There is a big difference in term of performance in using "inputlookup" and "lookup" from the following queries with the same time range. The number of records in "mylookup" object has 3k records.
query 1:
index=xyz src=* [| inputlookup mylookup | fields src]
query 2:
index=xyz src=*
| lookup mylookup src as src output key
| where isnotnull(key)
I got the result almost constantly from query 2, but query 1 was stuck. I think query 1 should have better performance than query 2 does. Any clues?
Thanks.
It's likely because of the subsearch present in one but not the other. For some reason that I'm unaware of, Splunk's performance quickly degrades when using subsearches. They should be avoided at all costs. In fact, if your lookup became > 10,000 rows, the subsearch wouldn't be accurate without increasing your maxout
parameter in the [subsearch]
stanza of limits.conf because the default maximum number of events to return from a subsearch is 10,000.

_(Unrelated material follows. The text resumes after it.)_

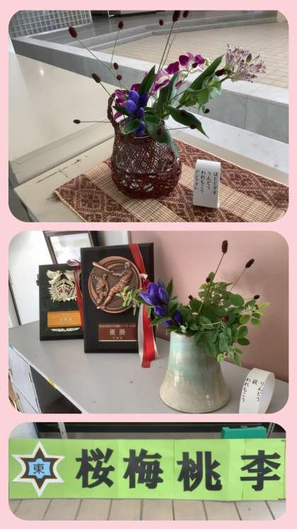 さて、ホールと職員室前のお花を、ホールには「ほととぎす・りんどう・われもこう・デンフォレ」、職員室前には「りんどう・萩・われもこう」に生け替えていただきました。いつも東中生のためにありがとうございます。草むらの虫の音に耳を傾け、生花を愛でると、移りゆく季節を感じます。

My lookup is relatively small, only contained between 3,000 and 3,400 records. According one of splunk best practices, "Filter as soon as possible", I think the fist query is better than the second one.
I don't know where the crossover for performance is, and I expect it changes depending on the deployment design. But staying in the tens is definitely safe.
Although "filter as soon as possible" is the general recommendation, the search inspector and introspection can help you choose the best command (inputlookup, lookup) for your data.
I believe that the server sends back a response that includes the entire expanded search string, which includes expanded inputlookup subsearches. In one case where a table was significantly increased in size, a search with a few results generated over 75MB of traffic from the server.
depends on how big the list. use pattern 2 as a rule if you don't know for SURE the list will be short like in the tens of values.
"mylookup" object has 3000 records, and less than 250 KB.